**Directions for this task**: With the images removed, write out each record exactly as given.

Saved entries
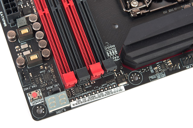 Традиционные шесть портов SATA, поддерживаемые системной логикой, дополнены ещё двумя, размещёнными в углу устройства. Для их нужд распаян контроллер ASM1061. Вдоль правой грани платы находятся пять светодиодов. Сверху — над гнёздами SATA — оранжевый индикатор сигнализирует об активности дисковой подсистемы, а группа из четырёх диагностических элементов красного свечения отображает этапы инициализации базовых элементов системы; все они находятся у гнезда питания ATX.
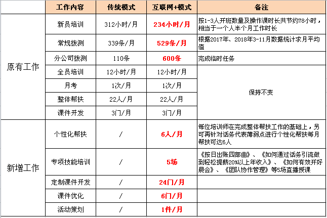 1)2018年3月工作内容由7项增加到12项,其中现场授课时长与去年同比节约25%,拨测量与去年同比增加56.05%,课件开发及优化量与去年同比增加30门/月(表1)。
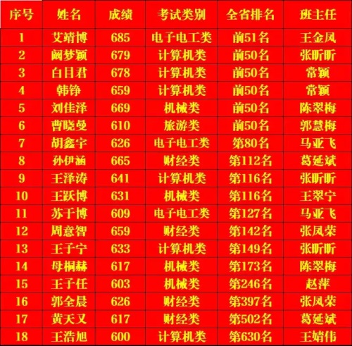 刘佳泽(23汽修升学班)以669分夺得机械类全省前50名;
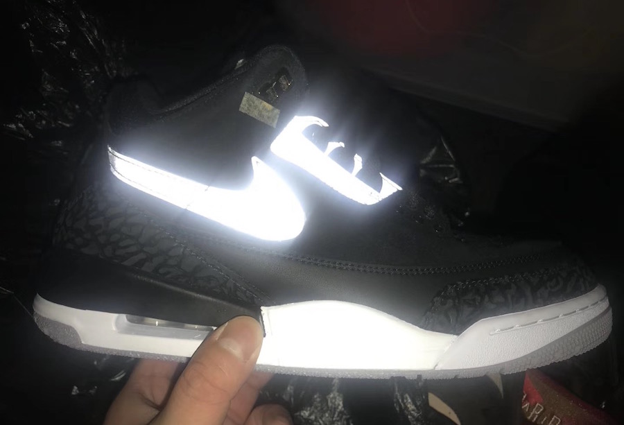 近日又有一款 Air Jordan 3 Tinker 黑水泥配色现身网络,还带有炫目的反光元素。
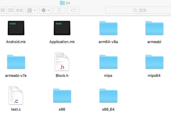 然后,我们把上述编译脚本中所列出的my_block_test.c、my_blocks_data.c以及my_runtime.c这三个源文件放在jni目录下即可编译。
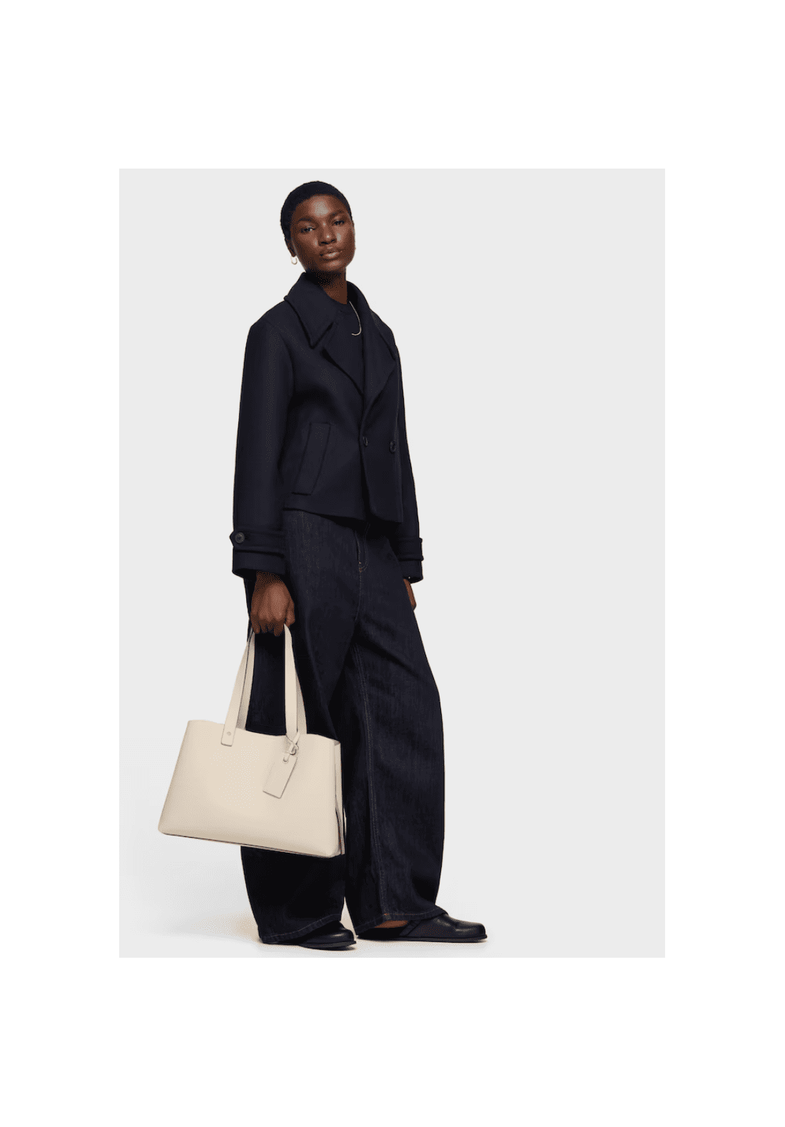 Bolso city mediano The Citybow de poliuretano con cierre con botón magnético. Bolsillo interior con cremallera. Asa fija de hombro.
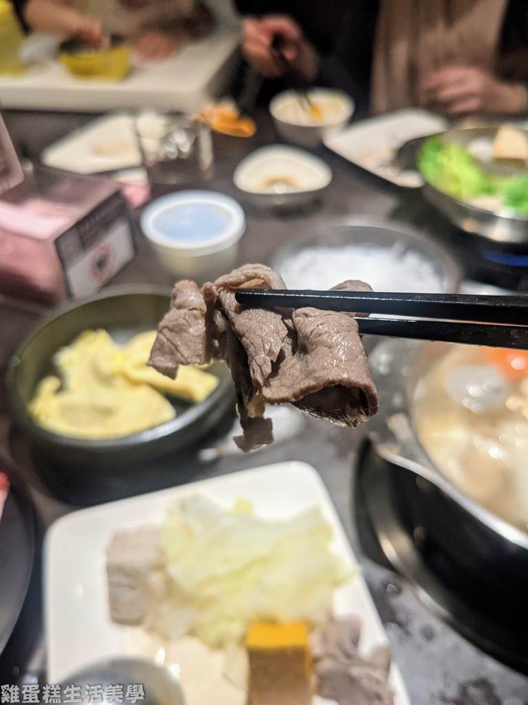 雞蛋糕短評:火鍋湯頭不錯肉質也很好,牛肉油花分布很漂亮,店內裝潢氣派莊嚴,用餐時間建議預約。
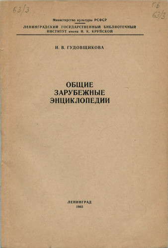 Википедия: Ирина Васильевна Гудовщикова (урожденная Ломакина; 14 декабря 1918, Минск - 9 марта 2000, Санкт-Петербург) - советский и российский ученый-библиограф и библиографовед, специалист в области истории, теории и методики библиографии, доктор педагогических наук, профессор. Родилась в русско-польской семье. В 1924 году вместе с семьей переехала в Ленинград, где в 1936 году окончила среднюю школу. В 1941 году окончила филологический факультет Ленинградского государственного университета по специальности русиста-филолога. В 1940 году была опубликована ее первая печатная работа - рецензия на воспоминания Э. Триоле о В.В. Маяковском. После окончания университета была направлена в Новокузнецкий педагогический институт преподавать литературу. В 1941-1946 годах работала в научно-технической библиотеке Кузнецкого металлургического комбината переводчицей с французского и английского языков. В 1946 году вернулась в Ленинград, где работала в Библиотеке АН СССР (БАН) в отделах иностранного комплектования, затем - в справочно-библиографическом; в дальнейшем руководила отделом иностранного комплектования. В 1952-1954 годы читала курс лекций по иностранной библиографии для сотрудников БАН и в 1954-1960 годах - для сотрудников Государственной публичной библиотеки (ГПБ). В 1954 году поступила в аспирантуру Ленинградского государственного библиотечного института им. Н.К. Крупской (ЛГБИ). После окончания аспирантуры осталась работать в этом же институте на кафедре общей библиографии в должностях старшего преподавателя, в дальнейшем доцента и профессора (звание было присвоено в 1980 году). Участвовала в создании при кафедре кабинета иностранной библиографии. В 1958 году защитила диссертацию на соискание ученой степени кандидата педагогических наук по теме «Национальная и отраслевая библиография и вопросы библиографической теории в Польской Народной Республике». Официальные оппоненты - К.Р. Симон и Б.С. Боднарский. Работая на кафедре общей библиографии, дополнительно руководила аспирантурой в течение десяти лет. В 1977 году в Государственной библиотеке СССР имени В.И. Ленина защитила диссертацию на соискание ученой степени доктора педагогических наук по теме «Универсальная библиография библиографии (История, современное состояние, перспективы развития)». Диссертация содержала обзор международной библиографии библиографии и основных ее разновидностей, историю и состояние национальной библиографии библиографии в 55 странах мира. Также в работе был приведен систематизированный список изданий библиографии библиографии, насчитывающий 969 названия. Некоторое время преподавала иностранную библиографию в Казанском государственном университете культуры и искусств, который являлся филиалом ЛГИК. Участвовала в поездках в составе делегации ЮНЕСКО, работала в библиотеках Швеции, Англии, Швейцарии, Италии, читала лекции в институтах культуры различных городов СССР, была участником различных научно-практических конференций. Муж - биолог Д.В. Лебедев. В браке родился сын Андрей (род. 1950). Умерла 9 марта 2000 года в Санкт-Петербурге. Похоронена на кладбище Санкт-Петербургского крематория.
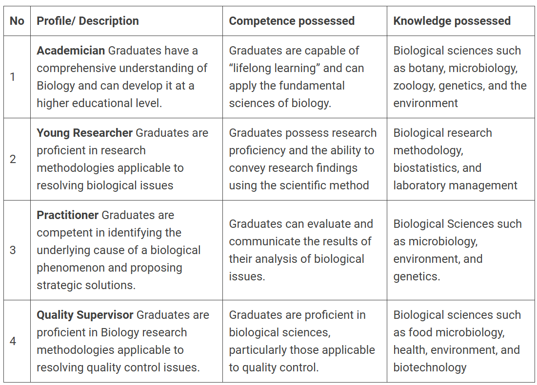 The study program describes the roles that graduates of a study program can play in society, as presented in the following table:
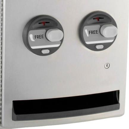 14-3/8" W x 28-3/8" H. Equipped with stainless steel skirt for semi-recessing in 4" (100mm) deep walls. Push-Button Operation, Less Than 5 Lb of Force, No Grasping, Pinching or Twisting of the Wrist. Easy access Product tray. Single-coin slots are key to jam-resistant operation. Accepts one or two quarters (U.S. or Canadian). Push-button coin return cancels Product selection. Holds 30 tampons, 20 napkins. Two flush tumbler door locks keyed like other Bobrick accessories. type 304 satin-finish stainless steel on exposed surfaces. Patented.
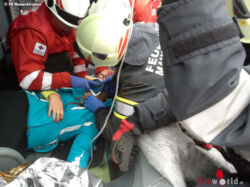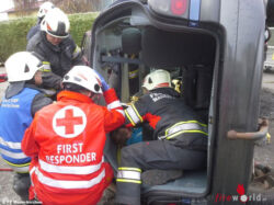 Bei der zweiten Station waren zwei Pkw und ein Moped in einen Unfall verwickelt worden. Hier mussten die Einsatzkräfte zunächst den unter einem Fahrzeug eingeklemmten Mopedlenker befreien. Danach wurden mit Hilfe des hydraulischen Rettungssatzes des Kleinrüst-Fahrzeuges die drei eingeklemmten Insassen der PKWs befreit. Ein besonderer Augenmerk lag hier bei der lückenlosen Kommunikation der Einsatzkräfte aller beteiligten Organisationen. Beide Gruppen konnten auch dieses einsatznahe Übungsszenario in kürzester Zeit erfolgreich abarbeiten. Übungsbeobachter Bernhard Buchecker konnte in den Nachbesprechungen jeweils von lückenloser Zusammenarbeit aller Beteiligten berichten.

**Written response**:
 Традиционные шесть портов SATA, поддерживаемые системной логикой, дополнены ещё двумя, размещёнными в углу устройства. Для их нужд распаян контроллер ASM1061. Вдоль правой грани платы находятся пять светодиодов. Сверху — над гнёздами SATA — оранжевый индикатор сигнализирует об активности дисковой подсистемы, а группа из четырёх диагностических элементов красного свечения отображает этапы инициализации базовых элементов системы; все они находятся у гнезда питания ATX.
 1)2018年3月工作内容由7项增加到12项,其中现场授课时长与去年同比节约25%,拨测量与去年同比增加56.05%,课件开发及优化量与去年同比增加30门/月(表1)。
 刘佳泽(23汽修升学班)以669分夺得机械类全省前50名;
 近日又有一款 Air Jordan 3 Tinker 黑水泥配色现身网络,还带有炫目的反光元素。
 然后,我们把上述编译脚本中所列出的my_block_test.c、my_blocks_data.c以及my_runtime.c这三个源文件放在jni目录下即可编译。
 Bolso city mediano The Citybow de poliuretano con cierre con botón magnético. Bolsillo interior con cremallera. Asa fija de hombro.
 雞蛋糕短評:火鍋湯頭不錯肉質也很好,牛肉油花分布很漂亮,店內裝潢氣派莊嚴,用餐時間建議預約。
 Википедия: Ирина Васильевна Гудовщикова (урожденная Ломакина; 14 декабря 1918, Минск - 9 марта 2000, Санкт-Петербург) - советский и российский ученый-библиограф и библиографовед, специалист в области истории, теории и методики библиографии, доктор педагогических наук, профессор. Родилась в русско-польской семье. В 1924 году вместе с семьей переехала в Ленинград, где в 1936 году окончила среднюю школу. В 1941 году окончила филологический факультет Ленинградского государственного университета по специальности русиста-филолога. В 1940 году была опубликована ее первая печатная работа - рецензия на воспоминания Э. Триоле о В.В. Маяковском. После окончания университета была направлена в Новокузнецкий педагогический институт преподавать литературу. В 1941-1946 годах работала в научно-технической библиотеке Кузнецкого металлургического комбината переводчицей с французского и английского языков. В 1946 году вернулась в Ленинград, где работала в Библиотеке АН СССР (БАН) в отделах иностранного комплектования, затем - в справочно-библиографическом; в дальнейшем руководила отделом иностранного комплектования. В 1952-1954 годы читала курс лекций по иностранной библиографии для сотрудников БАН и в 1954-1960 годах - для сотрудников Государственной публичной библиотеки (ГПБ). В 1954 году поступила в аспирантуру Ленинградского государственного библиотечного института им. Н.К. Крупской (ЛГБИ). После окончания аспирантуры осталась работать в этом же институте на кафедре общей библиографии в должностях старшего преподавателя, в дальнейшем доцента и профессора (звание было присвоено в 1980 году). Участвовала в создании при кафедре кабинета иностранной библиографии. В 1958 году защитила диссертацию на соискание ученой степени кандидата педагогических наук по теме «Национальная и отраслевая библиография и вопросы библиографической теории в Польской Народной Республике». Официальные оппоненты - К.Р. Симон и Б.С. Боднарский. Работая на кафедре общей библиографии, дополнительно руководила аспирантурой в течение десяти лет. В 1977 году в Государственной библиотеке СССР имени В.И. Ленина защитила диссертацию на соискание ученой степени доктора педагогических наук по теме «Универсальная библиография библиографии (История, современное состояние, перспективы развития)». Диссертация содержала обзор международной библиографии библиографии и основных ее разновидностей, историю и состояние национальной библиографии библиографии в 55 странах мира. Также в работе был приведен систематизированный список изданий библиографии библиографии, насчитывающий 969 названия. Некоторое время преподавала иностранную библиографию в Казанском государственном университете культуры и искусств, который являлся филиалом ЛГИК. Участвовала в поездках в составе делегации ЮНЕСКО, работала в библиотеках Швеции, Англии, Швейцарии, Италии, читала лекции в институтах культуры различных городов СССР, была участником различных научно-практических конференций. Муж - биолог Д.В. Лебедев. В браке родился сын Андрей (род. 1950). Умерла 9 марта 2000 года в Санкт-Петербурге. Похоронена на кладбище Санкт-Петербургского крематория.
 The study program describes the roles that graduates of a study program can play in society, as presented in the following table:
 14-3/8" W x 28-3/8" H. Equipped with stainless steel skirt for semi-recessing in 4" (100mm) deep walls. Push-Button Operation, Less Than 5 Lb of Force, No Grasping, Pinching or Twisting of the Wrist. Easy access Product tray. Single-coin slots are key to jam-resistant operation. Accepts one or two quarters (U.S. or Canadian). Push-button coin return cancels Product selection. Holds 30 tampons, 20 napkins. Two flush tumbler door locks keyed like other Bobrick accessories. type 304 satin-finish stainless steel on exposed surfaces. Patented.
 Bei der zweiten Station waren zwei Pkw und ein Moped in einen Unfall verwickelt worden. Hier mussten die Einsatzkräfte zunächst den unter einem Fahrzeug eingeklemmten Mopedlenker befreien. Danach wurden mit Hilfe des hydraulischen Rettungssatzes des Kleinrüst-Fahrzeuges die drei eingeklemmten Insassen der PKWs befreit. Ein besonderer Augenmerk lag hier bei der lückenlosen Kommunikation der Einsatzkräfte aller beteiligten Organisationen. Beide Gruppen konnten auch dieses einsatznahe Übungsszenario in kürzester Zeit erfolgreich abarbeiten. Übungsbeobachter Bernhard Buchecker konnte in den Nachbesprechungen jeweils von lückenloser Zusammenarbeit aller Beteiligten berichten.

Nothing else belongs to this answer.